WHAT IS BEING ASKED:
Which lines in the entries below contain the string "where"? Show each of them in full.

SOURCE RECORDS:
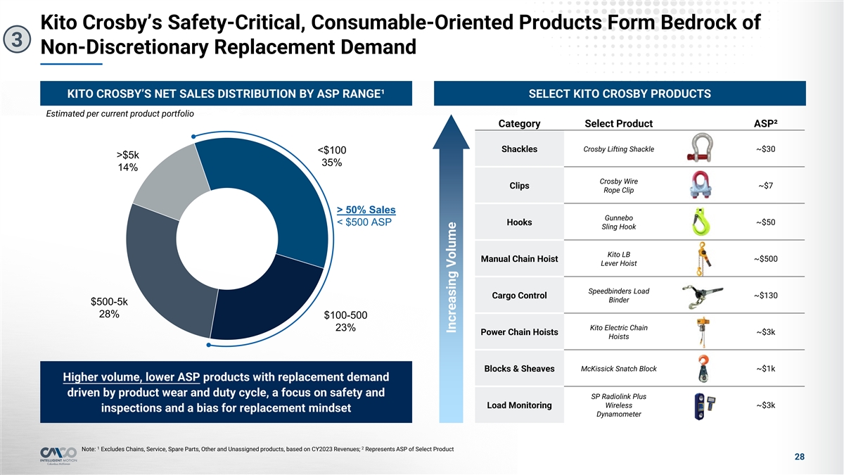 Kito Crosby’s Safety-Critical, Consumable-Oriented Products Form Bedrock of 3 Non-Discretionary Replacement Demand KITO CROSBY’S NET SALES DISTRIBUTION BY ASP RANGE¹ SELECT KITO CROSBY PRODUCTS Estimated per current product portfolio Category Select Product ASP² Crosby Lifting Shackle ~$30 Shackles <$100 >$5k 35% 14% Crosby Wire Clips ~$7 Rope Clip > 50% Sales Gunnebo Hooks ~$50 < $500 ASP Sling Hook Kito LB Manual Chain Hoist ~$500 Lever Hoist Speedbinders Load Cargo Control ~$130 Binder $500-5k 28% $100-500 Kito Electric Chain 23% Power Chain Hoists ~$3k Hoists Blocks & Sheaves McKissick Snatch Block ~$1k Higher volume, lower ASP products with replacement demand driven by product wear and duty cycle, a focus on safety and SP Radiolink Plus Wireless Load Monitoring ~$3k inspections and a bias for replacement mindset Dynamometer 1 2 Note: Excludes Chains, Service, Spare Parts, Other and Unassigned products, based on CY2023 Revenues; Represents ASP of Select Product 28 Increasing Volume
==
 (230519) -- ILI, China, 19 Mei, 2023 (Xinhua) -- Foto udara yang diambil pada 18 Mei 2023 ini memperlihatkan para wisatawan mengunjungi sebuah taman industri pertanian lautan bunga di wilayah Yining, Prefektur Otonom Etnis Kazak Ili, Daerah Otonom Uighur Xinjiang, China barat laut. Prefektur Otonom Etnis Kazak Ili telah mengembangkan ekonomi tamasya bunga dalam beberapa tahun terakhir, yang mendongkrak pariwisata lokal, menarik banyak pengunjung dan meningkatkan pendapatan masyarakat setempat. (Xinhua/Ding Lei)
==
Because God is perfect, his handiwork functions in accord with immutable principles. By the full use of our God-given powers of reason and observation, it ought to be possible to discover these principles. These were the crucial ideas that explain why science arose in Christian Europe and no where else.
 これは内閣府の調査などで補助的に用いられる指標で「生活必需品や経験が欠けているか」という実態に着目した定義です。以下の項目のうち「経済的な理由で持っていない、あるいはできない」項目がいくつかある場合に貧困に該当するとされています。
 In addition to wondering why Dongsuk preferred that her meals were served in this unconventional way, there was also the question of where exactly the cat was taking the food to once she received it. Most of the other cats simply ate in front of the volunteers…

OUTPUT BELOW:
Because God is perfect, his handiwork functions in accord with immutable principles. By the full use of our God-given powers of reason and observation, it ought to be possible to discover these principles. These were the crucial ideas that explain why science arose in Christian Europe and no where else.
 In addition to wondering why Dongsuk preferred that her meals were served in this unconventional way, there was also the question of where exactly the cat was taking the food to once she received it. Most of the other cats simply ate in front of the volunteers…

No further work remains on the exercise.